Profile-guided post-link stride prefetching

  • Authors:
  • Chi-Keung Luk;Robert Muth;Harish Patil;Richard Weiss;P. Geoffrey Lowney;Robert Cohn

  • Affiliations:
  • Intel Corporation,Shrewsbury, MA;Intel Corporation,Shrewsbury, MA;Intel Corporation,Shrewsbury, MA;Smith CollegeNorthampton, MA;Intel Corporation,Shrewsbury, MA;Intel Corporation,Shrewsbury, MA

  • Venue:
  • ICS '02 Proceedings of the 16th international conference on Supercomputing
  • Year:
  • 2002

Quantified Score

Hi-index 0.00

Visualization

Abstract

Data prefetching is an effective approach to addressing the memory latency problem. While a few processors have implemented hardware-based data prefetching, the majority of modern processors support data-prefetch instructions and rely on compilers to automatically insert prefetches.

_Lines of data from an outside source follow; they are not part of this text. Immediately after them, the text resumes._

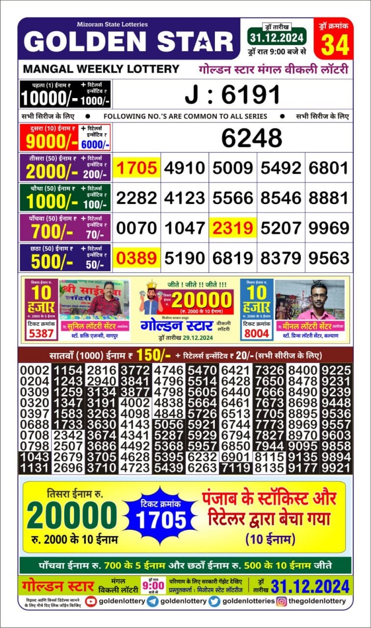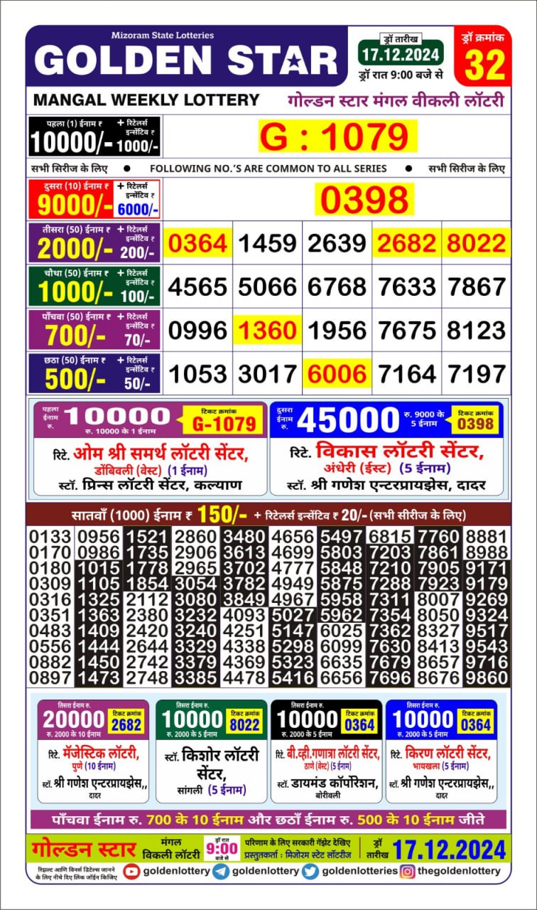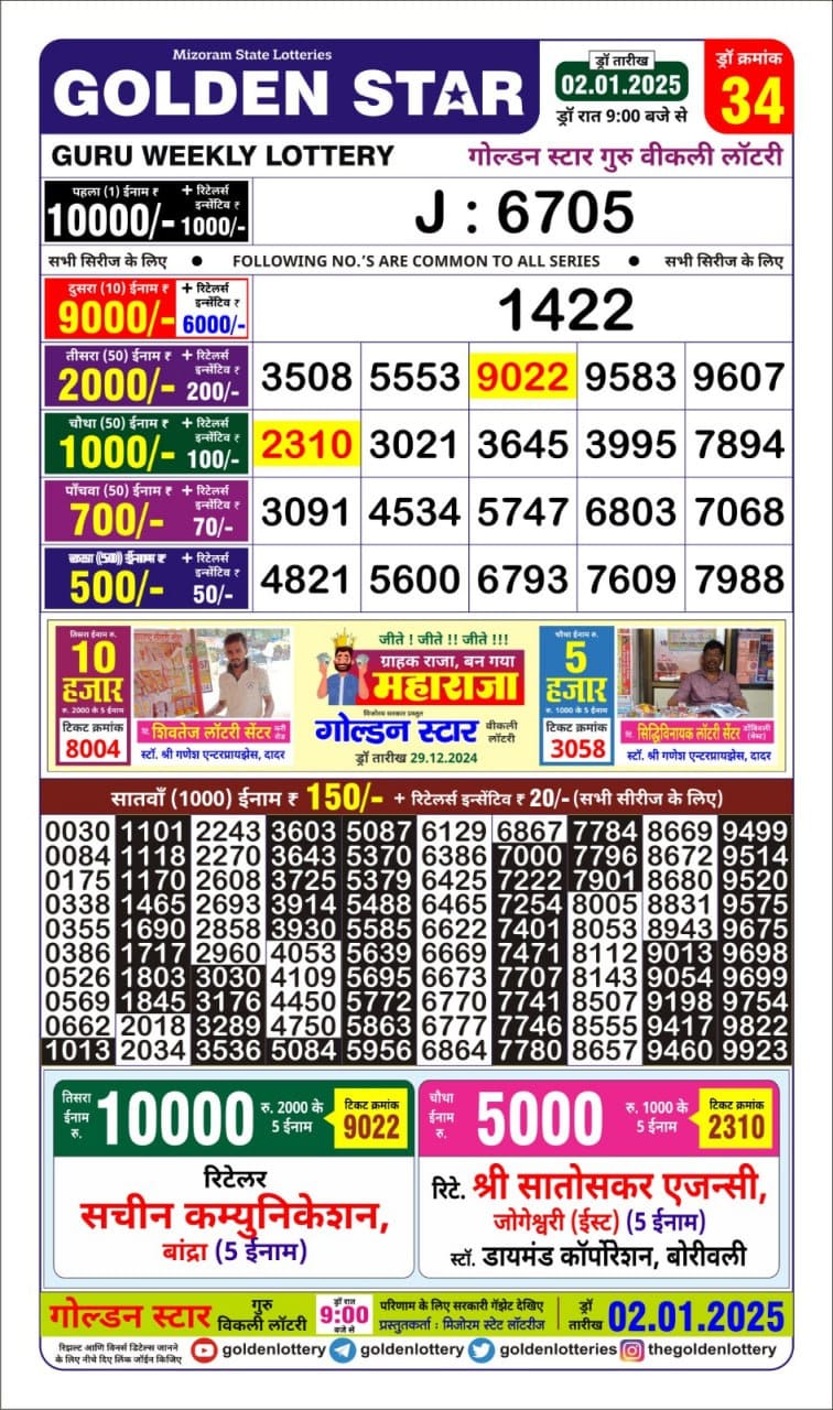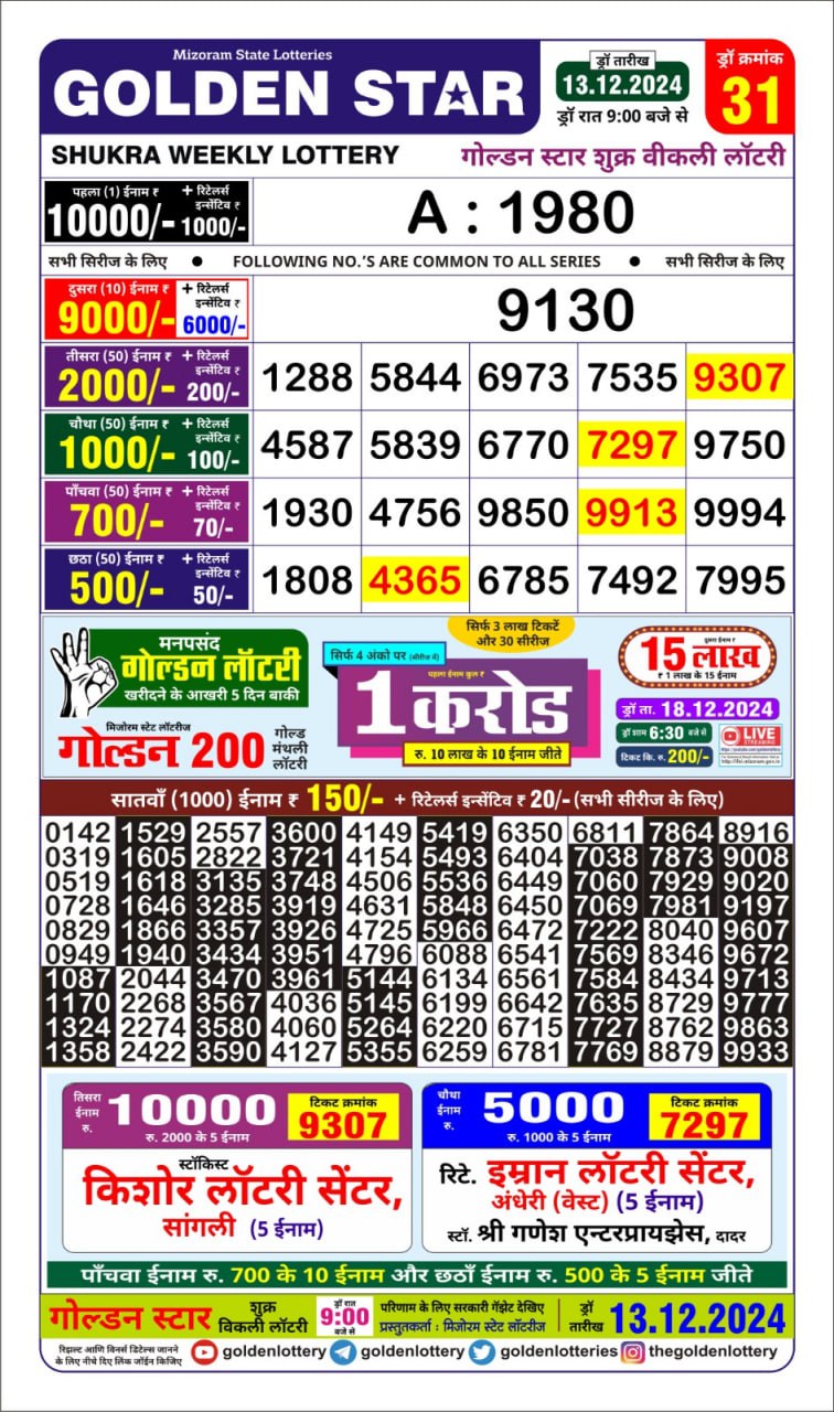 Golden Star Weekly Lottery Result 9pm 06.10.2025
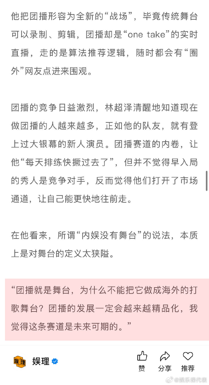 #刘冠佑回应被说做团播可惜了# #林超泽回应团播为了赚快钱# 官宣团播时,不少人疑惑“明明可以更好,为什么要做这个”。粉丝则担心当年护送出道的爱豆褪去“神秘感”。但在@刘冠佑Neil 看来:“没人规定艺人一定要远在天边…很多艺人跟粉丝、跟观众之间没有那么强的距离感,也是很亲近的。”#刘冠佑林超泽谈爱豆做团播#↓
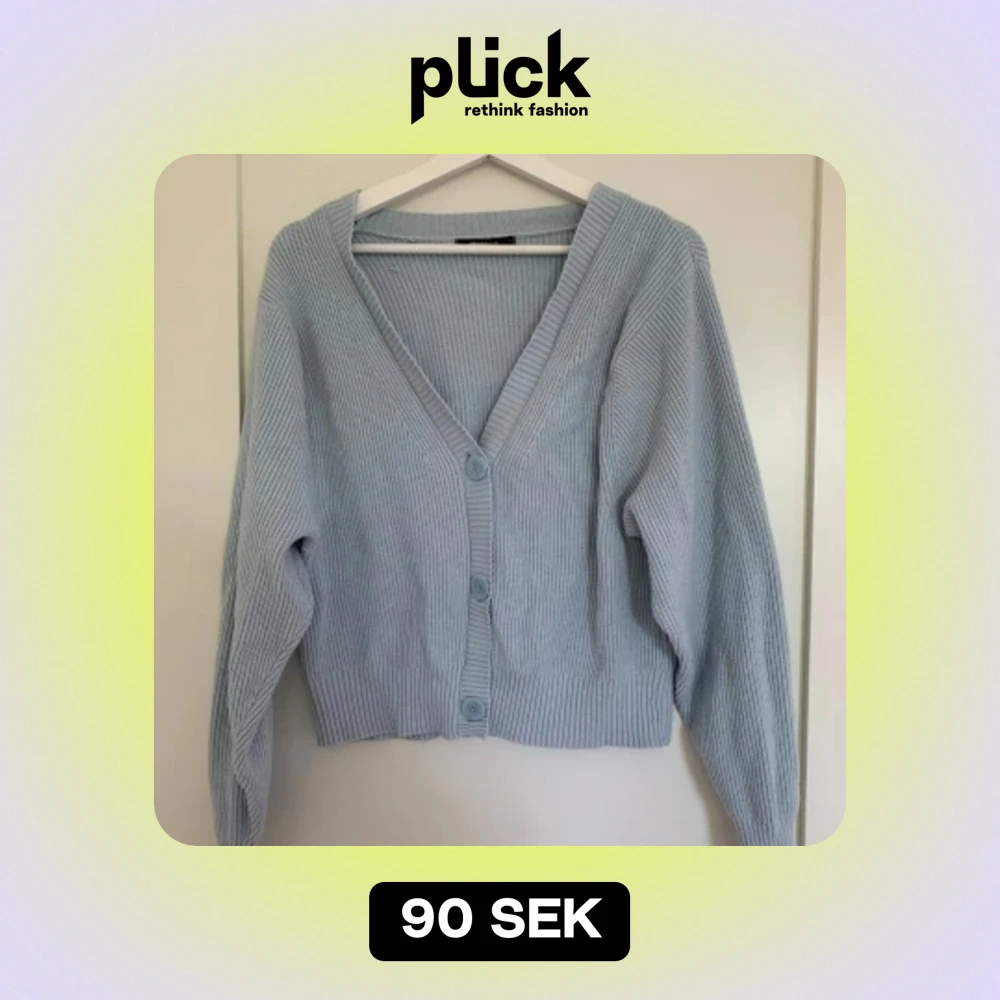 Jag säljer en ljusblå stickad kofta i storlek L, den har använts ett fåtal gånger och är i bra skick. Köpte den för cirka 400kr men säljer för 90kr!
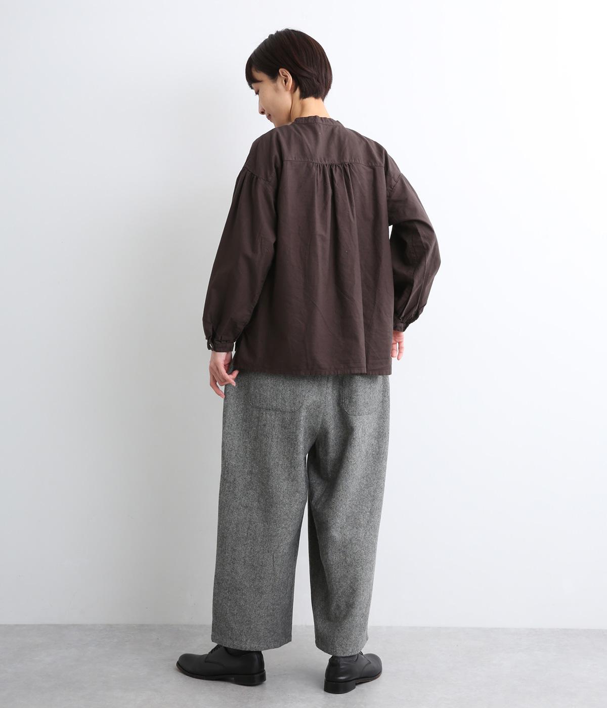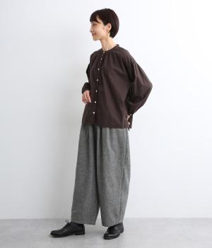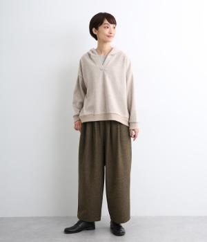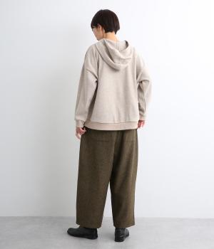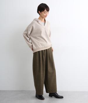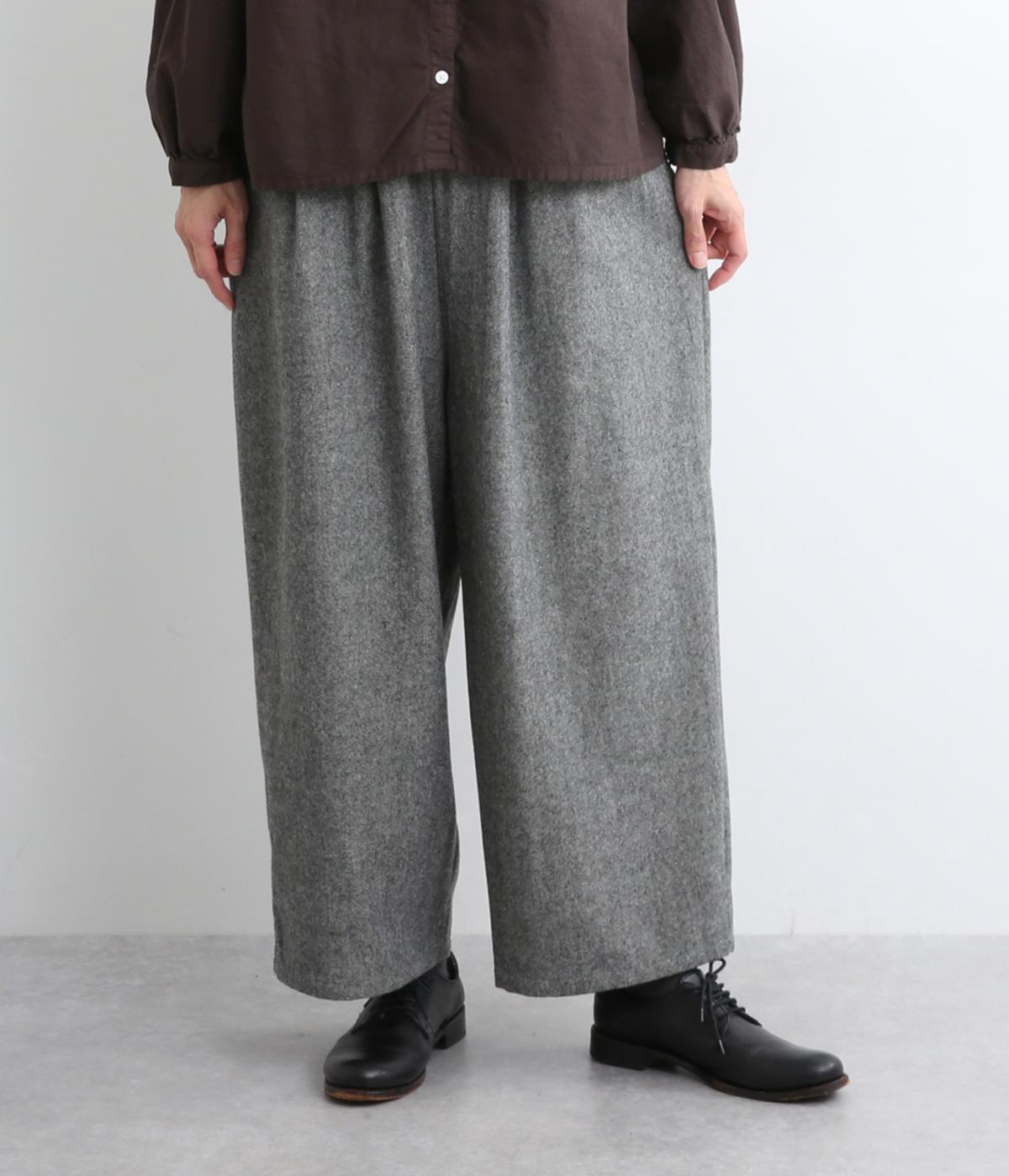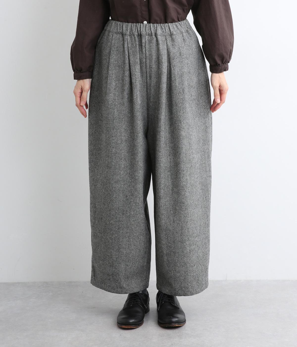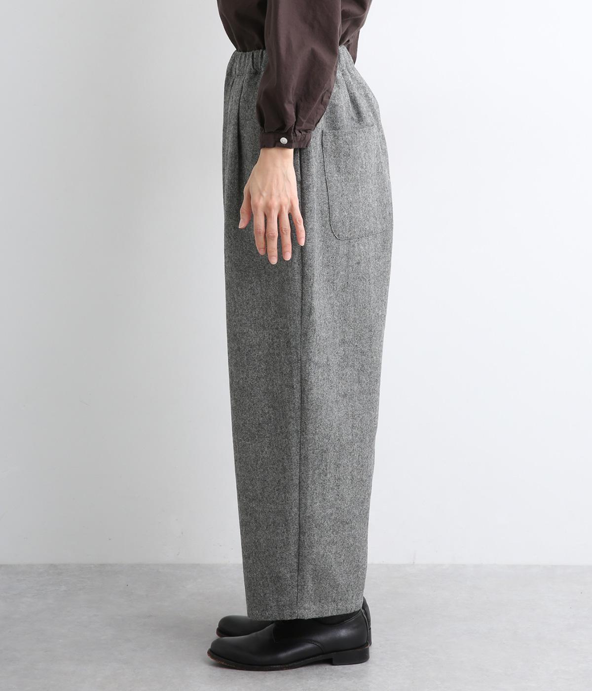 前ウエスト下のタックから流れるドレープが目を引くワイドパンツ。こだわりのツイード生地で、ゆったりとしたシルエットながらも上品な印象に仕上げました。大きなヒップポケットのほか、両サイドにも便利なポケットつき。ウエストにはゴムと紐をぐるりと通しています。

However, most prefetching schemes in commercial compilers suffer from two limitations: (1) the source code must be available before prefetching can be applied, and (2) these prefetching schemes target only loops with statically-known strided accesses. In this study, we broaden the scope of software-controlled prefetching by addressing the above two limitations. We use profiling to discover strided accesses that frequently occur during program execution but are not determinable by the compiler. We then use the strides discovered to insert prefetches into the executable directly, without the need for re-compilation. Performance evaluation was done on an Alpha 21264-based system with a 64KB data cache and an 8MB secondary cache. We find that even with such large caches, our technique offers speedups ranging from 3% to 56% in 11 out of the 26 SPEC2000 benchmarks. Our technique has been incorporated into Pixie and Spike, two products in Compaq's Tru64 Unix.